In addition to different amplitudes of the peak response, immune infiltration also displayed different distribution in mdx and wild type hearts. CD45+ leukocytes and CD68+ macrophages were diffusely scattered throughout all of the hearts at baseline, and remained so up to 8 hours after injury. In dystrophic hearts, 30 hours and 1 week after injury both immune cell markers displayed robust expansion predominantly in regions of damage, evidenced by the majority of the cells clustering in lesion areas (Fig. 4B and 4E). Although wild type hearts showed significant immune expansion in lesion areas at the 30-hour timepoint, some augmentation of non-lesion immune cells was also observed. At least 50% or more of the immune cells continued to occupy non-lesion areas of wild type hearts at all timepoints, possibly due to the more diffuse nature of C10 cardiac injury.

3.5. Acute AT1R blockade dramatically reduces dystrophic Iso-induced injury and modulates the immune response in the heart.
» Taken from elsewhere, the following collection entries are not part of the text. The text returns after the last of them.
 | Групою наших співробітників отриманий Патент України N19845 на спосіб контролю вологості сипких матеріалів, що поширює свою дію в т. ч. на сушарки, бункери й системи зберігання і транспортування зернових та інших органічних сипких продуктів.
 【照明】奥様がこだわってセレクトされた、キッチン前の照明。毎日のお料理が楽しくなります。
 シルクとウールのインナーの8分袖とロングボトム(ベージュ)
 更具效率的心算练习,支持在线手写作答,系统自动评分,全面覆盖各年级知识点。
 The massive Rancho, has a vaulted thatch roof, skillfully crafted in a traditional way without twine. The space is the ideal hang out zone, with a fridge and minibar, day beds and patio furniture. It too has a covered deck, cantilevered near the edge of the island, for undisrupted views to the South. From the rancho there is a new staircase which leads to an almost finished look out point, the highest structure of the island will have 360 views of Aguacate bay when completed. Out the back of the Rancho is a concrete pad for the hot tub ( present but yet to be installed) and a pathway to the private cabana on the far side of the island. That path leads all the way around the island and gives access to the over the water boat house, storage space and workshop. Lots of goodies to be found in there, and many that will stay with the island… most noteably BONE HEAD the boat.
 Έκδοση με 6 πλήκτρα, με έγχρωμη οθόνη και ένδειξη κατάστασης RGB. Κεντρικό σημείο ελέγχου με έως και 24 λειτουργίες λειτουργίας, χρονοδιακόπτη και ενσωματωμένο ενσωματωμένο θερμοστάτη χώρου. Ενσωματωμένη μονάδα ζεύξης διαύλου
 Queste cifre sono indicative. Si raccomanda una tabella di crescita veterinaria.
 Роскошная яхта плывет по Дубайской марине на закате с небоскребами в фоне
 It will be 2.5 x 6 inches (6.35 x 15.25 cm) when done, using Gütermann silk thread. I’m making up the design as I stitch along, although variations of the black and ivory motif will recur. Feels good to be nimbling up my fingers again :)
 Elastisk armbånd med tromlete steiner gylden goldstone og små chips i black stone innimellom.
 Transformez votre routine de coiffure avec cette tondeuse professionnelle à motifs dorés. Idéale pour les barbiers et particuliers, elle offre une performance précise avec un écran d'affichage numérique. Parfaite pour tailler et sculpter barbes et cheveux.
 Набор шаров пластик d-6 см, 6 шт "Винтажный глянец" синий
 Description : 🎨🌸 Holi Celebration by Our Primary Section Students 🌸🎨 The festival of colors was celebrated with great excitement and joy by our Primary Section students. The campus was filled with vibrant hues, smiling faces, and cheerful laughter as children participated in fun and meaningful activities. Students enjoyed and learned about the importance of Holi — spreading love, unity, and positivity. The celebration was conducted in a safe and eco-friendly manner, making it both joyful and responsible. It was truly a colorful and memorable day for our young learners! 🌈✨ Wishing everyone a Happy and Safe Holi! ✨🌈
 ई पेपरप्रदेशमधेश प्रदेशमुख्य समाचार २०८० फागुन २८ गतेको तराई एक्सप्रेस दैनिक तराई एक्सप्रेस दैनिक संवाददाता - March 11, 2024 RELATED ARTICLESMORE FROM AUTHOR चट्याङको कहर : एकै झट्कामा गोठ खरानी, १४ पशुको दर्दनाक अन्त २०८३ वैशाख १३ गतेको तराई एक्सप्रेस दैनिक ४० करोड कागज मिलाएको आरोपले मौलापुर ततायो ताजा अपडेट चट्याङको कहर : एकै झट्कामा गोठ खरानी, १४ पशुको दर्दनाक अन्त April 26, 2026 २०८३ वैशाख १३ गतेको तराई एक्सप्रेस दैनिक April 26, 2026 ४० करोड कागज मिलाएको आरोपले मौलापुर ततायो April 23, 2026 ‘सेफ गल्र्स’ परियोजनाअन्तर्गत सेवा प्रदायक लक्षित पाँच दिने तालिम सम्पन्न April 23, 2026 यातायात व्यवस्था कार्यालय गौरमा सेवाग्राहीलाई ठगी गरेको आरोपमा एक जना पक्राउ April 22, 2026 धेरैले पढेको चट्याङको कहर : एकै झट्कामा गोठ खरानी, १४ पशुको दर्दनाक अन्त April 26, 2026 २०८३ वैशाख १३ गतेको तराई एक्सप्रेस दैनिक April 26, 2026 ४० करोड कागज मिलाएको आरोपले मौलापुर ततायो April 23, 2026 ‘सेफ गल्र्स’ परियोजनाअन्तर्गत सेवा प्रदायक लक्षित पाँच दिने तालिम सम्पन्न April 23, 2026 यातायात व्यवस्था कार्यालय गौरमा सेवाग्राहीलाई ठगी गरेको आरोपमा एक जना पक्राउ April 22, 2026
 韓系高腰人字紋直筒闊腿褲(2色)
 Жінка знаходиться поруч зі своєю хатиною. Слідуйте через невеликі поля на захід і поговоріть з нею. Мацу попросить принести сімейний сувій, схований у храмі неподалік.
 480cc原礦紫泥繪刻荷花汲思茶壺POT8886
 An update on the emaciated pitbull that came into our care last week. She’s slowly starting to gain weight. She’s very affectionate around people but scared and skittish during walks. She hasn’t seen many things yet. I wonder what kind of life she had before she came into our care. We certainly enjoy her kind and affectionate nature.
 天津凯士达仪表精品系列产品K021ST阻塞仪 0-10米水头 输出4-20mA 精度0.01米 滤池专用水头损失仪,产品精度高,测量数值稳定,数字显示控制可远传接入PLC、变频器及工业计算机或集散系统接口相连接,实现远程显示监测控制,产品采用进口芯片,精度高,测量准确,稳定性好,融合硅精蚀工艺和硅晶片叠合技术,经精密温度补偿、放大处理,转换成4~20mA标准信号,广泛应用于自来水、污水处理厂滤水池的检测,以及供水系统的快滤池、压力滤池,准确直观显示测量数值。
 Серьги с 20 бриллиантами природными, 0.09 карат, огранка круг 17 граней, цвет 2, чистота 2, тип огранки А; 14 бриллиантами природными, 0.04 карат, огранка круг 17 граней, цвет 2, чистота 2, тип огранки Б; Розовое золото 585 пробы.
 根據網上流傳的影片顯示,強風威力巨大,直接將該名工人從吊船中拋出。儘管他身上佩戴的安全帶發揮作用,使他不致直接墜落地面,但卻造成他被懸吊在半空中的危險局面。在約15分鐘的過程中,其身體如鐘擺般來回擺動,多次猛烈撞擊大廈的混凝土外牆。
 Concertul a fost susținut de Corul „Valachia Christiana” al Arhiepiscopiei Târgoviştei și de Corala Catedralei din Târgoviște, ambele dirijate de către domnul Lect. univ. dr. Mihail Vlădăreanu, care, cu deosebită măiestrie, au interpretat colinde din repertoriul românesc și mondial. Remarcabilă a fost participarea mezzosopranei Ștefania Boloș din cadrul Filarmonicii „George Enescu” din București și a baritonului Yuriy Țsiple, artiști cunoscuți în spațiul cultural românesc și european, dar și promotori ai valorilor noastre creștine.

Angiotensin II (AngII) type 1 receptor (AT1R) is expressed in many cell types, serving as a major mediator of AngII effects, including pro-fibrotic gene program activation and increased ROS production [6367] (Fig. 5A). These outcomes can be attenuated by blocking activation of AT1R with an angiotensin receptor blocker (ARB) like losartan. The anti-remodeling effects of ARBs are well-documented in long-term studies [12,68,69], but much less is known about the potential acute benefits of AT1R blockade for the dystrophic heart. To shed more light on this question, mdx and wild type mice were treated with a brief course of intraperitoneal injections of losartan starting 1 hour before the bolus of Iso and spanning the period of 30 hours after Iso (Fig. 5A). Acute losartan treatment dramatically protected dystrophic hearts from cardiac damage following Iso injection, cutting mdx IgG+ injury area by 2.8-fold (Fig. 5B). Conversely, AT1R blockade showed no significant effect on wild type cardiac damage, resulting in comparable Iso-induced injury area in wild type and dystrophic hearts with acute losartan treatment. Interestingly, losartan did not change the distribution of lesions in dystrophic hearts, with mdx lesions remaining larger and localized more epicardially than C10 lesions (Fig. 5C).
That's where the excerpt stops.